Shareholders with shares held in certificate form will receive instructions from the Company’s exchange agent, Computershare, for exchanging their stock certificates for a new certificate representing the shares of common stock resulting from the reverse stock split.
Additional information about the reverse stock split can be found in the Company’s proxy statement mailed to shareholders on or around October 1, 2020, a copy of which was furnished to the U.S. Securities and Exchange Commission (the “Commission”) on October 2, 2020 on the Company’s Report of Foreign Private Issuer on Form 6-K and is available on the Commission’s website at www.sec.gov.
About the Company
Performance Shipping Inc. is a global provider of shipping transportation services through its ownership of four Aframax tankers. The Company's current fleet of tanker vessels is employed primarily on short to medium term charters with leading energy companies and traders.

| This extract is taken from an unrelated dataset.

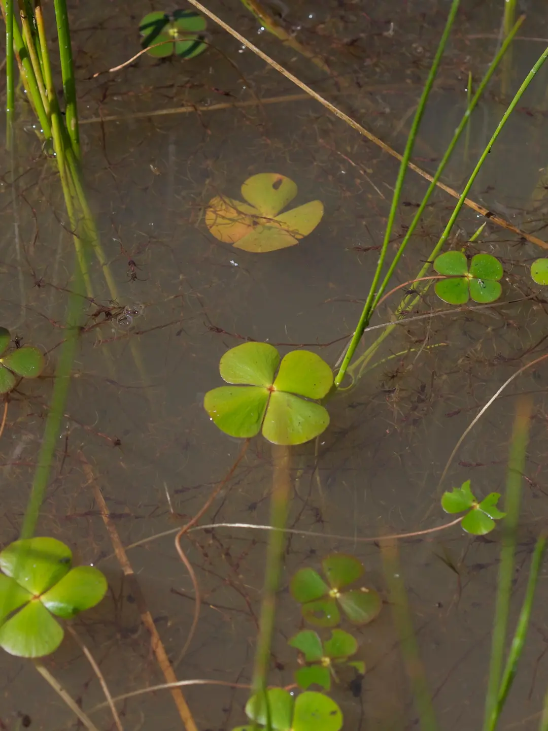 蘋在农田中相当常见,它有匍匐的茎,在泥中横向生长,所以蘋经常成片生长。曾经有一段时间,都市中刮起了一阵追捧「四叶草」的风潮,但正儿八经的「四叶草」也就是白车轴草,却不容易长出四片叶子,于是有一些商家便把主意打到了蘋的身上,制作出了大量的“四叶草琥珀”之类的商品。但蘋可不管人类的时尚风向,它只是继续在湿地中生活,作为湿地生态系统的一部分发挥自己的价值。

Cautionary Statement Regarding Forward-Looking Statements
Matters discussed in this press release may constitute forward-looking statements. The Private Securities Litigation Reform Act of 1995 provides safe harbor protections for forward-looking statements in order to encourage companies to provide prospective information about their business. Forward-looking statements include statements concerning plans, objectives, goals, strategies, future events or performance, and underlying assumptions and other statements, which are other than statements of historical facts.

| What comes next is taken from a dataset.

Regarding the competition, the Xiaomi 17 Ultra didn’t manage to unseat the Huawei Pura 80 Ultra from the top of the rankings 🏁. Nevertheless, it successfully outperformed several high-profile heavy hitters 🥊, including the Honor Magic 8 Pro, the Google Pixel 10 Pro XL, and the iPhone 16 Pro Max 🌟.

The Company desires to take advantage of the safe harbor provisions of the Private Securities Litigation Reform Act of 1995 and is including this cautionary statement in connection with this safe harbor legislation. The words "believe," "anticipate," "intends," "estimate," "forecast," "project," "plan," "potential," "may," "should," "expect," "pending" and similar expressions identify forward-looking statements.
The forward-looking statements in this press release are based upon various assumptions, many of which are based, in turn, upon further assumptions, including without limitation, our management's examination of historical operating trends, data contained in our records and other data available from third parties. Although we believe that these assumptions were reasonable when made, because these assumptions are inherently subject to significant uncertainties and contingencies which are difficult or impossible to predict and are beyond our control, we cannot assure you that we will achieve or accomplish these expectations, beliefs or projections.

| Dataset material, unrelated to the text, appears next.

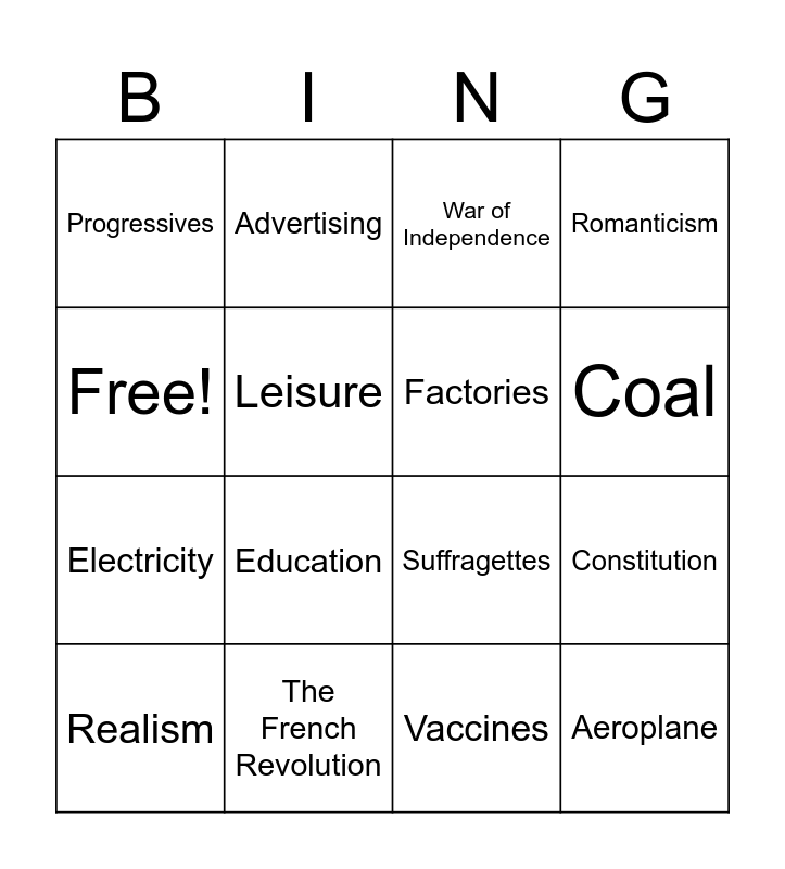 This bingo card has 16 words: The French Revolution, Constitution, War of Independence, Progressives, Electricity, Advertising, Suffragettes, Vaccines, Free!, Leisure, Realism, Romanticism, Education, Coal, Factories and Aeroplane.

In addition to these important factors, other important factors that, in our view, could cause actual results to differ materially from those discussed in the forward-looking statements include the strength of world economies and currencies, general market conditions, including fluctuations in charter rates and vessel values, changes in demand for our vessels, changes in our operating expenses, including bunker prices, dry-docking and insurance costs, the market for our vessels, availability of financing and refinancing, changes in governmental rules and regulations or actions taken by regulatory authorities, potential liability from pending or future litigation, general domestic and international political conditions, the length and severity of the novel coronavirus (COVID-19) pandemic and its impact on the demand for seaborne transportation of petroleum and other types of products, potential disruption of shipping routes due to accidents or political events, vessel breakdowns and instances of off-hires and other factors. Please see our filings with the U.S. Securities and Exchange Commission for a more complete discussion of these and other risks and uncertainties.